→ DATASET EXTRACT:
Start of Block

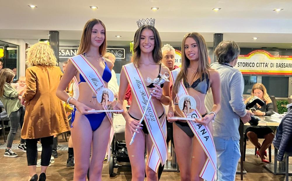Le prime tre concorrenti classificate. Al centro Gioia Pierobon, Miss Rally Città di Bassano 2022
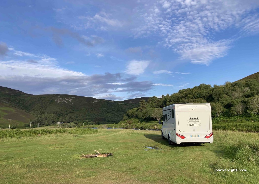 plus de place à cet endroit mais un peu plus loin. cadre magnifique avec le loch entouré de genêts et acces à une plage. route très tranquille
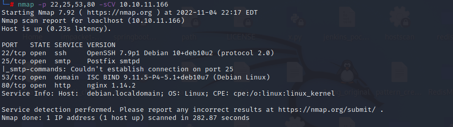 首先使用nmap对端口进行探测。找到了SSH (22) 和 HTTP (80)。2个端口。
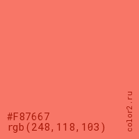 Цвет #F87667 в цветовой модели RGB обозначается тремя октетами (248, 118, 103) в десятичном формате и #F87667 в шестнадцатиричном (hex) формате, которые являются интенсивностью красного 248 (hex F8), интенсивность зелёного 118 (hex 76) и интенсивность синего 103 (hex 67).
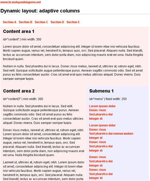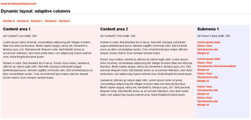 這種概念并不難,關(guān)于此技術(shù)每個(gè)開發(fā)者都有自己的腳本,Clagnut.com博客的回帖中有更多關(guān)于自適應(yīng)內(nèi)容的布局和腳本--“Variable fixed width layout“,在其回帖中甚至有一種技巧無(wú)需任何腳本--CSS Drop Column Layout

End of Block
Start of Block

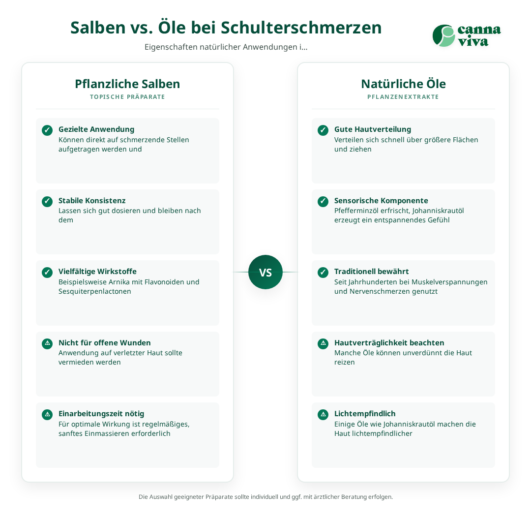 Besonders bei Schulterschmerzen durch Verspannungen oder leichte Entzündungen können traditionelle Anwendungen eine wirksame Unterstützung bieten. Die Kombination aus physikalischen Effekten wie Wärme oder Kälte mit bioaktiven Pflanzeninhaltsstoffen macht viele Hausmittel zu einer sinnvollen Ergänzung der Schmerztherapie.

End of Block
Start of Block

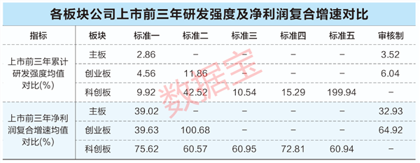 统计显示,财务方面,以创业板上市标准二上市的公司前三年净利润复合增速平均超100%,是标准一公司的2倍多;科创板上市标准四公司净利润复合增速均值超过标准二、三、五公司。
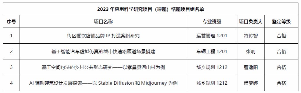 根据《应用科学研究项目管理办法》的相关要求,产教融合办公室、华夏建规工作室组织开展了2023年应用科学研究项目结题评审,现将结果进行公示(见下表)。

End of Block

→ INSTRUCTIONS TO FOLLOW: Produce an exact reproduction of the listing above, limited to the lines starting at the line with "plus de place" and ending at the line with "Drop Column Layout", both kept, with every picture left out.

→ SOLUTION FOR THIS EXERCISE:
 plus de place à cet endroit mais un peu plus loin. cadre magnifique avec le loch entouré de genêts et acces à une plage. route très tranquille
 首先使用nmap对端口进行探测。找到了SSH (22) 和 HTTP (80)。2个端口。
 Цвет #F87667 в цветовой модели RGB обозначается тремя октетами (248, 118, 103) в десятичном формате и #F87667 в шестнадцатиричном (hex) формате, которые являются интенсивностью красного 248 (hex F8), интенсивность зелёного 118 (hex 76) и интенсивность синего 103 (hex 67).
 這種概念并不難,關(guān)于此技術(shù)每個(gè)開發(fā)者都有自己的腳本,Clagnut.com博客的回帖中有更多關(guān)于自適應(yīng)內(nèi)容的布局和腳本--“Variable fixed width layout“,在其回帖中甚至有一種技巧無(wú)需任何腳本--CSS Drop Column Layout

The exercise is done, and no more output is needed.